A great issue of The Liberator with over a dozen photos of leaders and scenes from revolutionary Russia, Max Eastamn’s broadside against S.P. leader Morris Hillquit, a full-page memorial photo of John Reed, a report on the factory occupations in Italy, Robert Minor explains his views on anarchism, Makhno, Lenin, and the Bolsheviks, and Maxim Gorky’s ‘In Praise of Lenin,’ a different translation of which is linked to online text below.
The Liberator. Vol. 3 No. 11. November, 1920.

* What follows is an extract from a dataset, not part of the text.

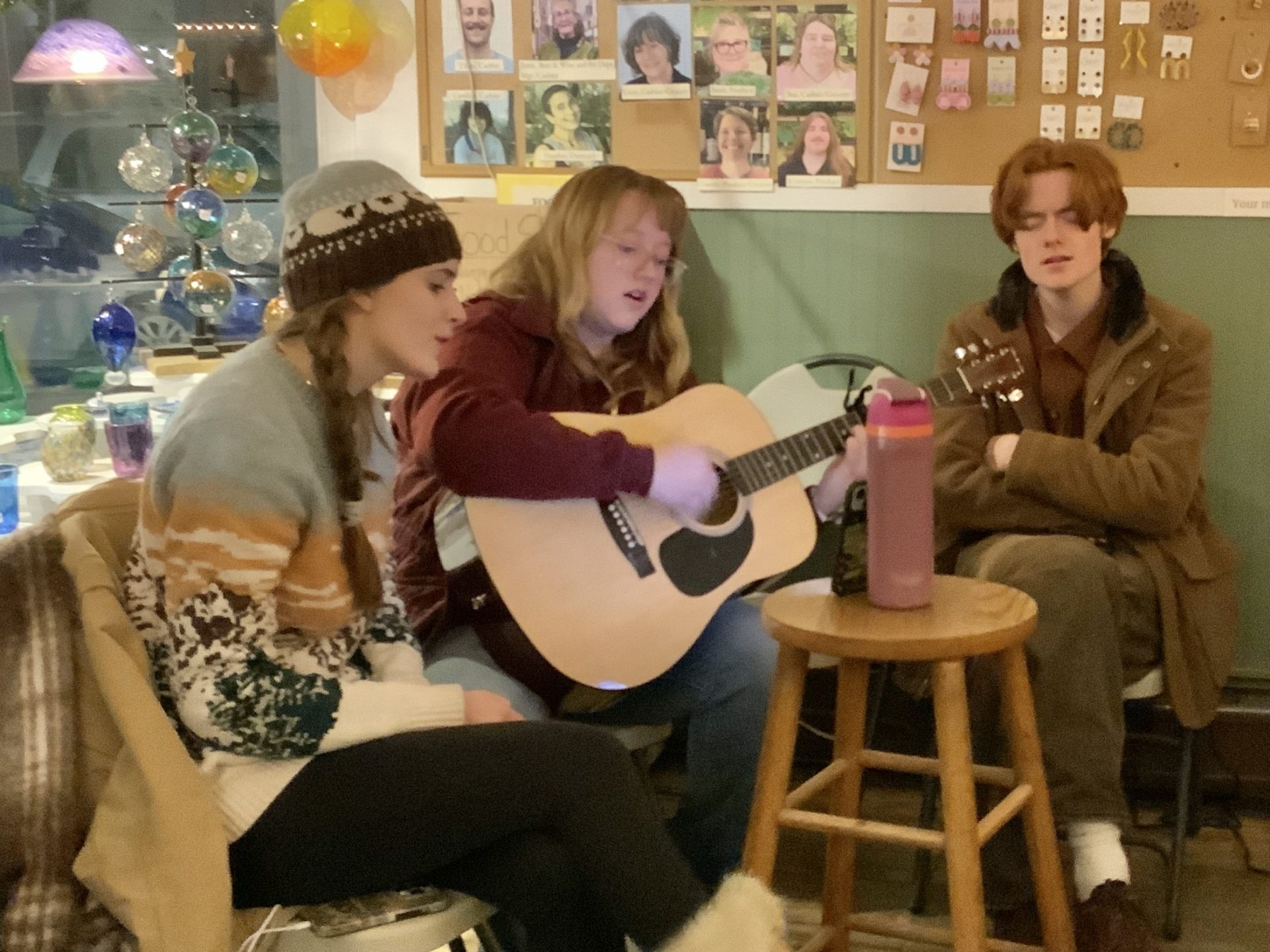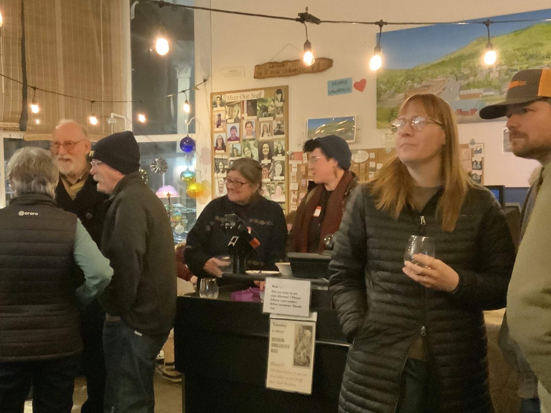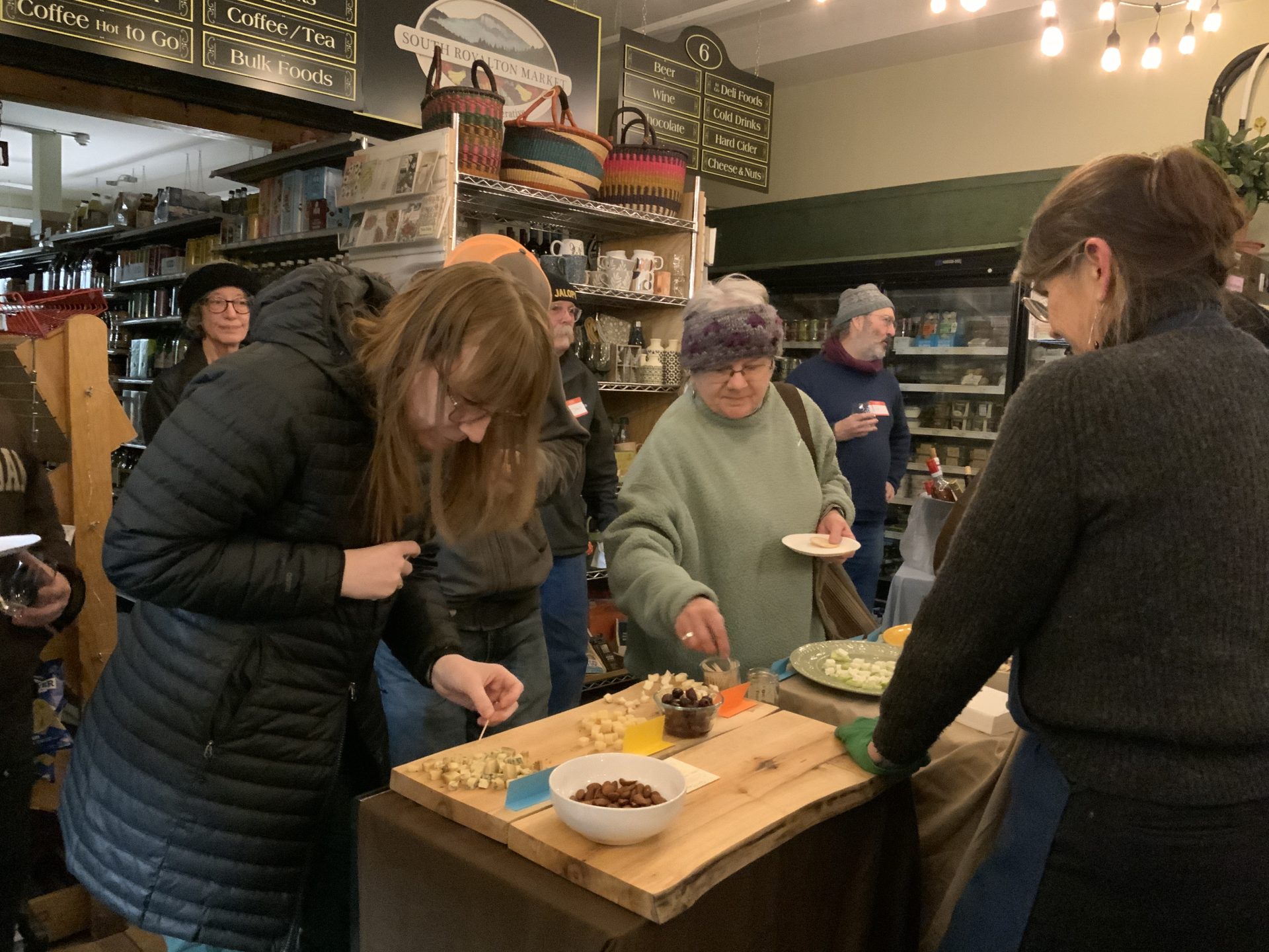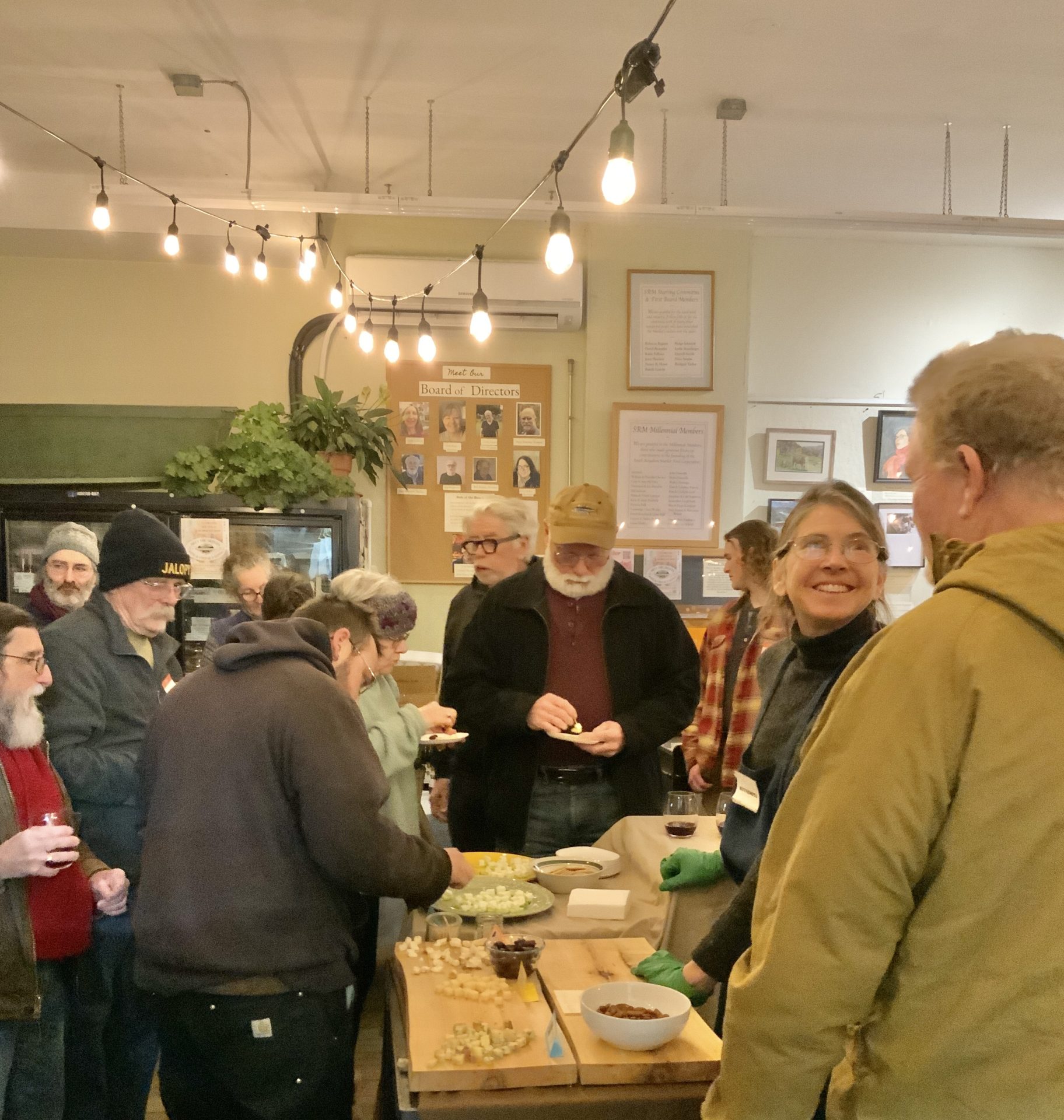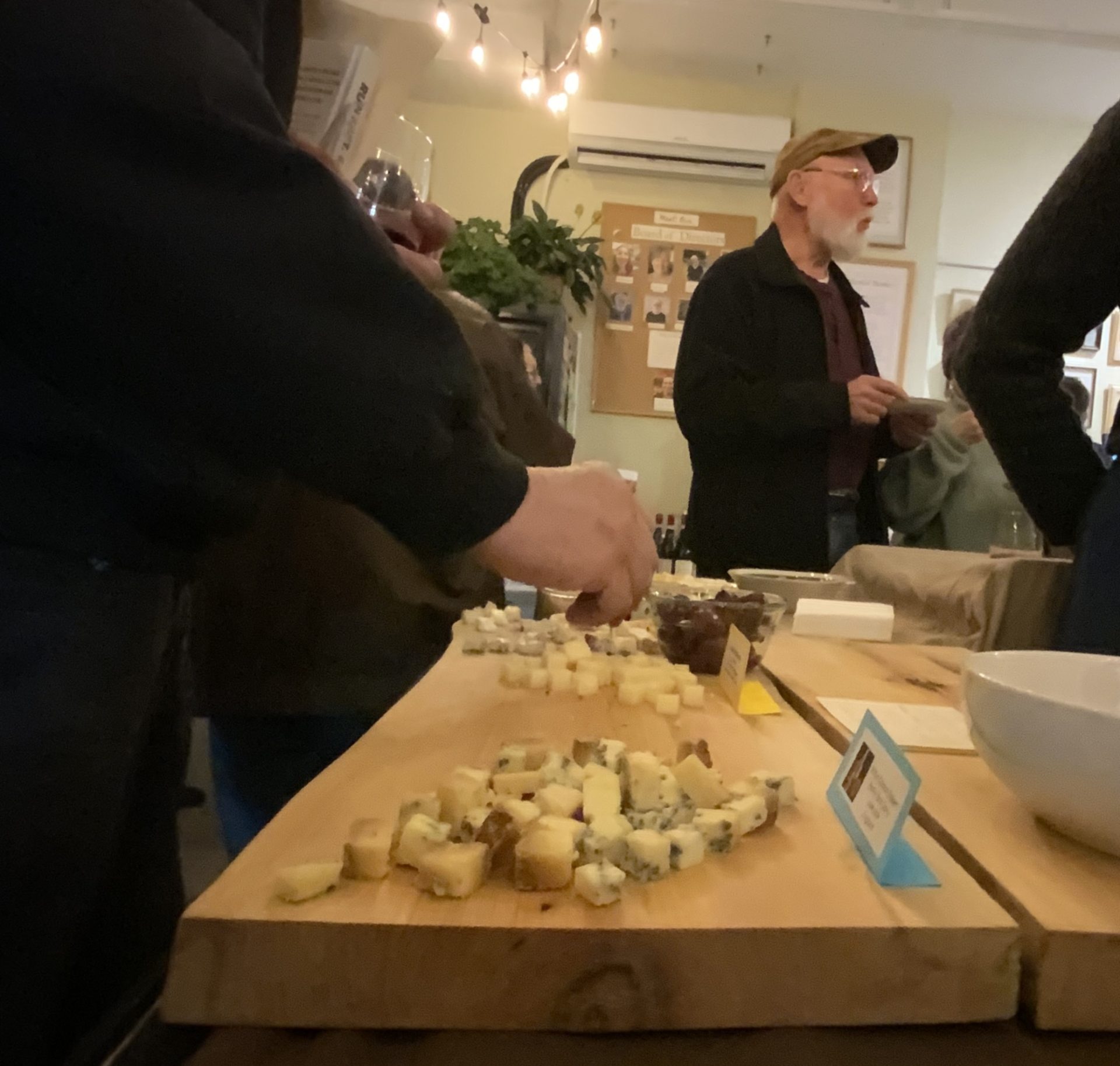 We enjoyed a full house at our Meet our Member Artists Wine and Cheese Tasting yesterday evening. Nearly all of our 13 artists were in attendance and we were even entertained by a trio of talented WRVHS music students. Many folks expressed appreciation at the opportunity to learn about new wines, cheeses and pairing them under the guidance of our wine buyer, Janet, and cheese monger, Elizabeth. What a great way to chase the winter blues away and warm up inside and out on a frigid night. We had a ball!

Contents: Cove by Lydia Gibson, In Praise of Lenin by Maxim Gorky, The Dancers by Joseph Freeman, Poems of Wang Wei, About Dogmatism by Max Eastman, Answer to My Critics by Robert Minor, Communist Factories in Italy, Israda by Annette Wynne, Back Home in Russia, Photos from Revolutionary Russia, The Projection Removed by Frank V. Faulhaber, Hillquit Excommunicates the Soviet by Max Eastman, Books Reviews by Floyd Dell and Max Eastman, For Poets by Mary Carolyn Davis , ART BY Cornelia Barnes, Art Young, Maurice Becker, Lydia Gibson.

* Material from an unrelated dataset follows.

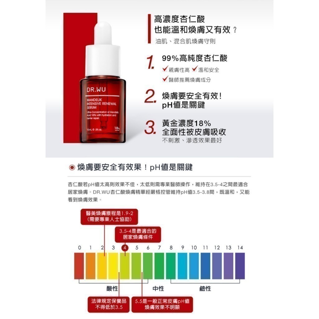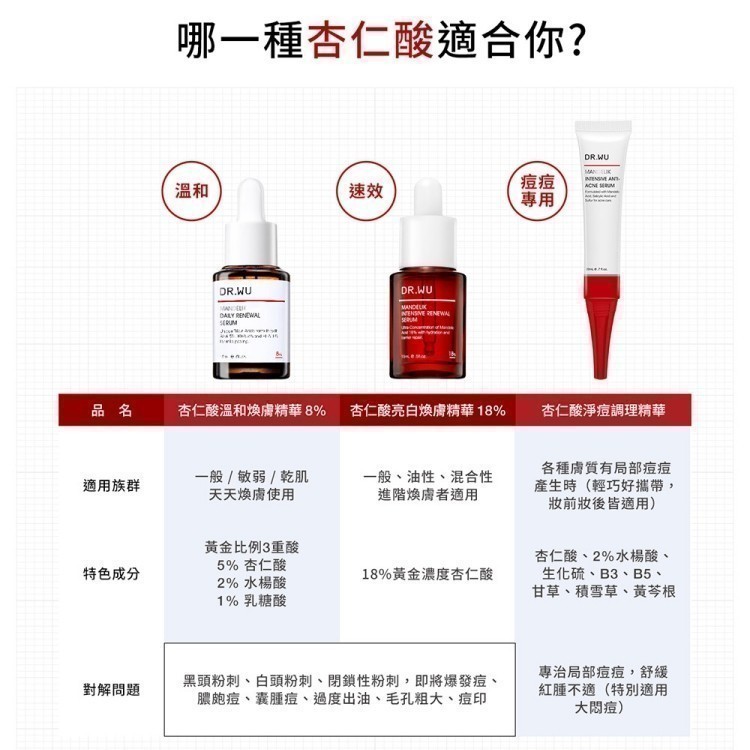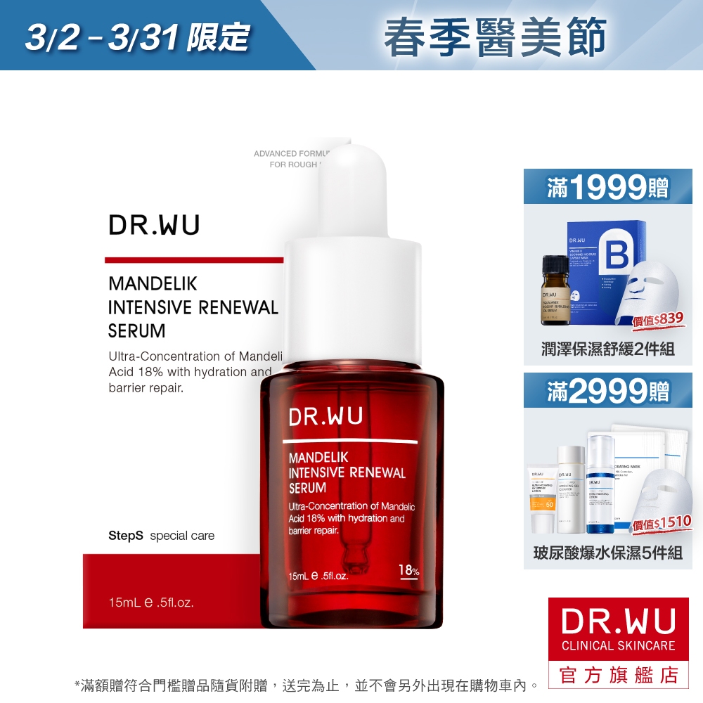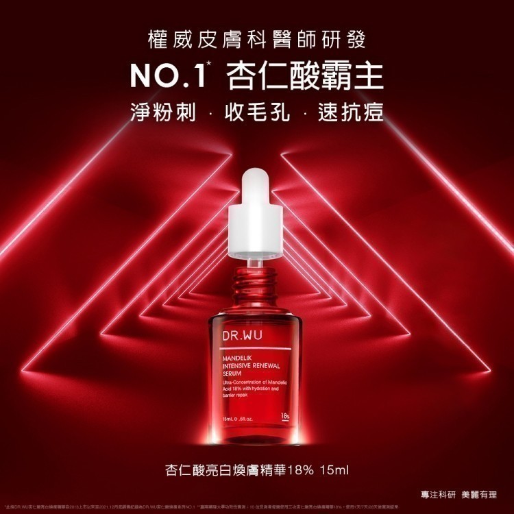 DR.WU 杏仁酸亮白煥膚精華18%15ML(小紅瓶)

The Liberator was published monthly from 1918, first established by Max Eastman and his sister Crystal Eastman continuing The Masses, was shut down by the US Government during World War One. Like The Masses, The Liberator contained some of the best radical journalism of its, or any, day. It combined political coverage with the arts, culture, and a commitment to revolutionary politics. Increasingly, The Liberator oriented to the Communist movement and by late 1922 was a de facto publication of the Party. In 1924, The Liberator merged with Labor Herald and Soviet Russia Pictorial into Workers Monthly. An essential magazine of the US left.